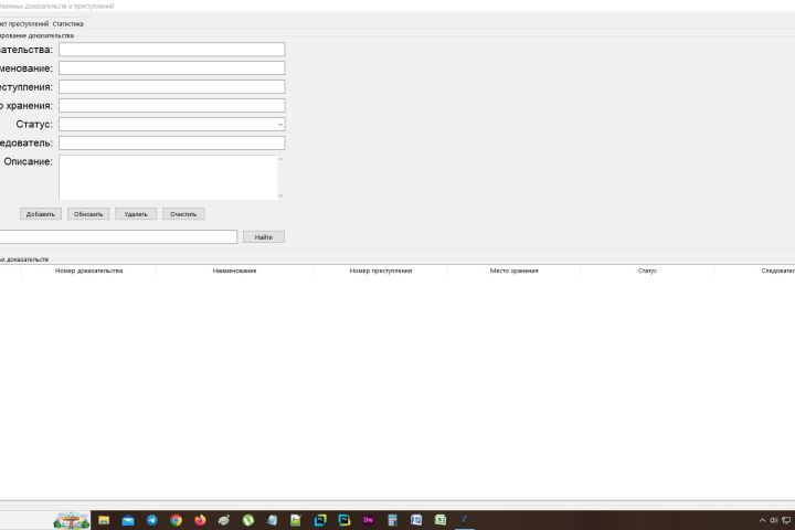 Это десктоп-приложение, которое позволяет эффективно отслеживать и управлять вещественными доказательствами и информацией о преступлениях. Приложение разработано с использованием Python, библиотеки Tkinter для создания графического интерфейса и SQLite для хранения данных.
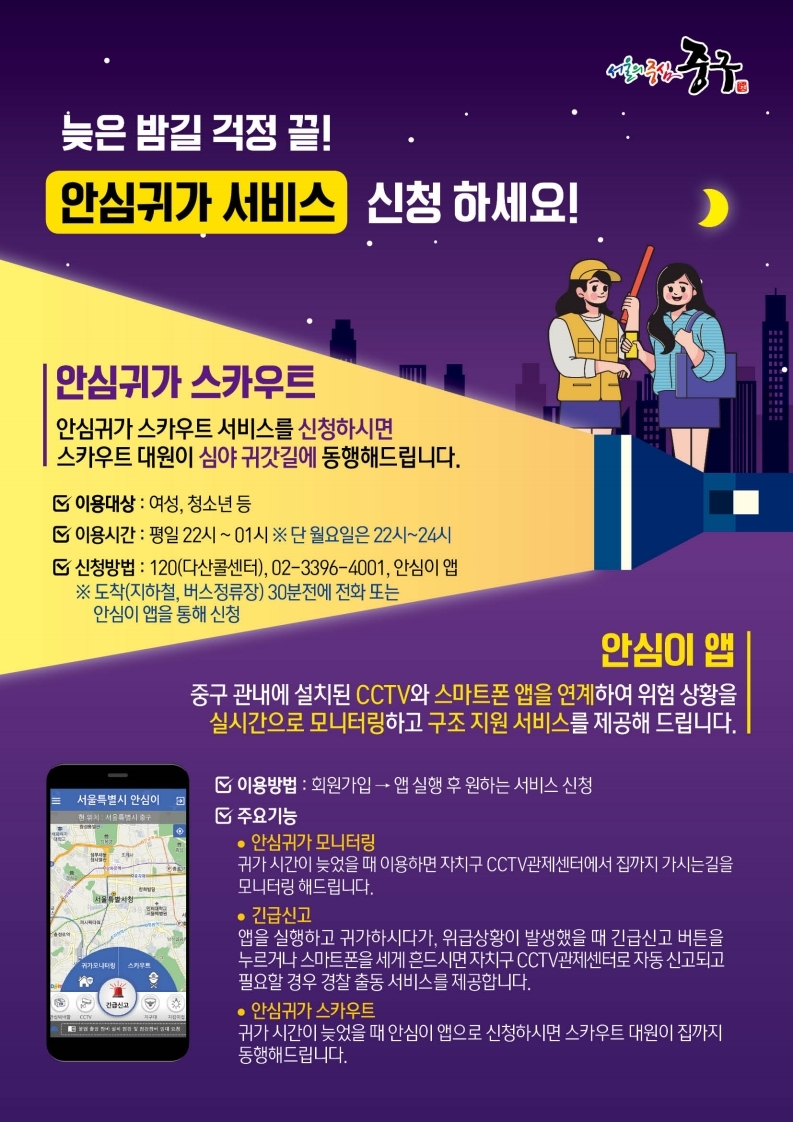 스카우트 대원이 심야 귀갓길에 동행해드립니다.
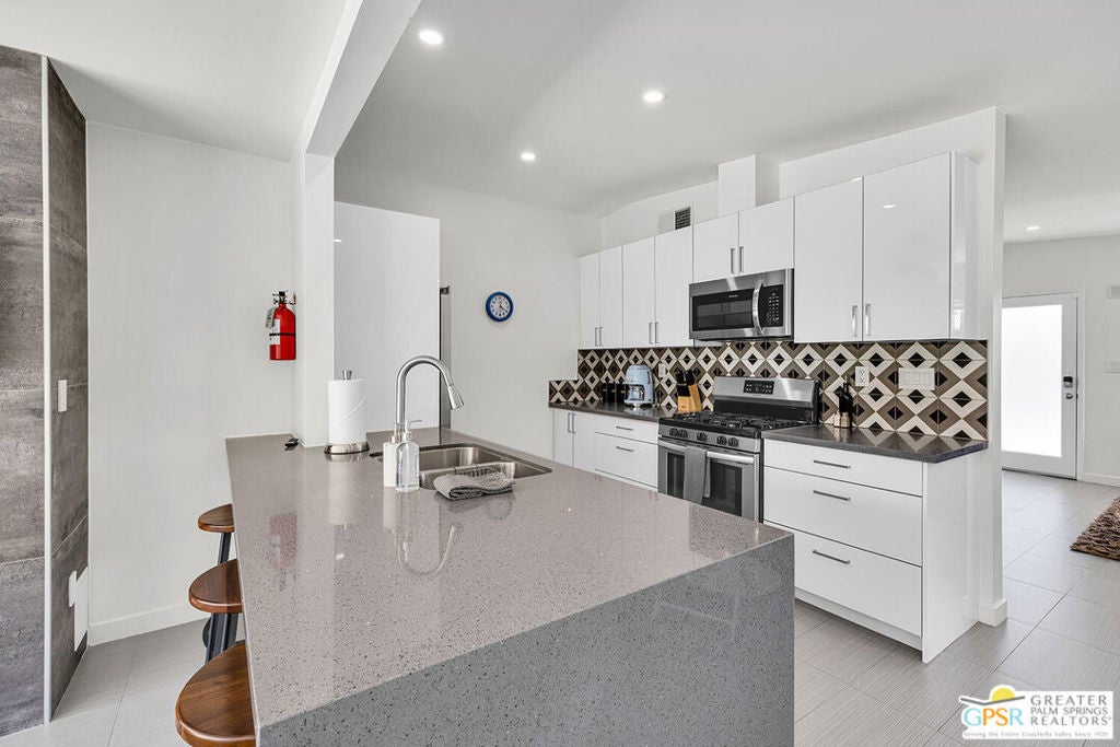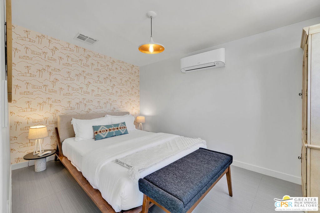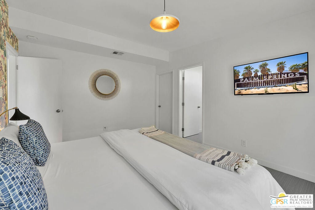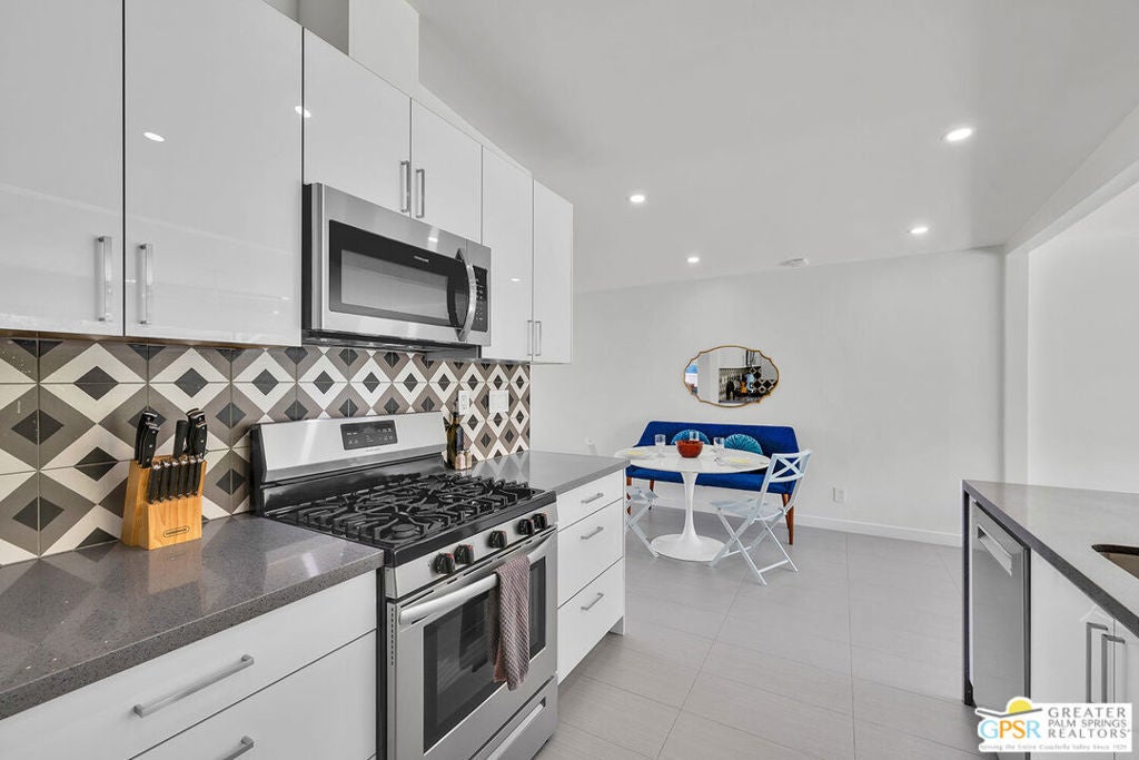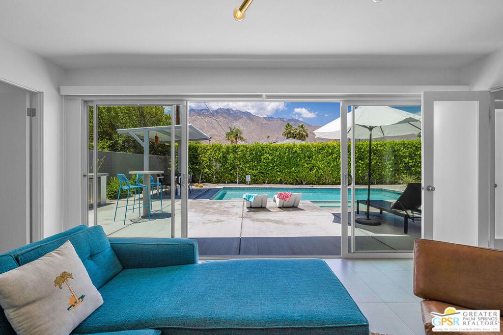 Discover this beautifully updated 1954 Meiselman-built mid-century home, perfectly situated in the heart of Movie Colony East in Palm Springs. This stylish retreat features two spacious bedrooms, two full bathrooms, and a versatile den that can easily serve as a third bedroom, home office, art studio, or gym. Recently renovated, the home has a sleek open-concept kitchen, modern bathrooms, and generously sized bedrooms. The kitchen is a chef's dream, offering panoramic views through a wall of glass that overlooks the sparkling pool and the serene mountain backdrop. Step outside and enjoy the ultimate desert lifestyle with a refreshing swim in the recently added pool, a soak in the spa, or a barbecue followed by alfresco dining beneath the built-in shade structure. As the sun sets, gather around the cozy fire pit for relaxing evenings and great conversation. The fully gated property includes a one-car garage, ample off-street parking, and a fully owned solar system with a Tesla battery helping you save on energy costs year-round. Last but not least, this home is offered turnkey furnished. Interested in rental income? Check with the City of Palm Springs about obtaining a Junior Rental Permit. Contact the agent today for a private showing of this iconic Palm Springs home!
-=-=-
_ACTION ITEM_
Output the full listing verbatim, but drop the images.

_OUTPUT OF THE EXERCISE_
 Это десктоп-приложение, которое позволяет эффективно отслеживать и управлять вещественными доказательствами и информацией о преступлениях. Приложение разработано с использованием Python, библиотеки Tkinter для создания графического интерфейса и SQLite для хранения данных.
 스카우트 대원이 심야 귀갓길에 동행해드립니다.
 Discover this beautifully updated 1954 Meiselman-built mid-century home, perfectly situated in the heart of Movie Colony East in Palm Springs. This stylish retreat features two spacious bedrooms, two full bathrooms, and a versatile den that can easily serve as a third bedroom, home office, art studio, or gym. Recently renovated, the home has a sleek open-concept kitchen, modern bathrooms, and generously sized bedrooms. The kitchen is a chef's dream, offering panoramic views through a wall of glass that overlooks the sparkling pool and the serene mountain backdrop. Step outside and enjoy the ultimate desert lifestyle with a refreshing swim in the recently added pool, a soak in the spa, or a barbecue followed by alfresco dining beneath the built-in shade structure. As the sun sets, gather around the cozy fire pit for relaxing evenings and great conversation. The fully gated property includes a one-car garage, ample off-street parking, and a fully owned solar system with a Tesla battery helping you save on energy costs year-round. Last but not least, this home is offered turnkey furnished. Interested in rental income? Check with the City of Palm Springs about obtaining a Junior Rental Permit. Contact the agent today for a private showing of this iconic Palm Springs home!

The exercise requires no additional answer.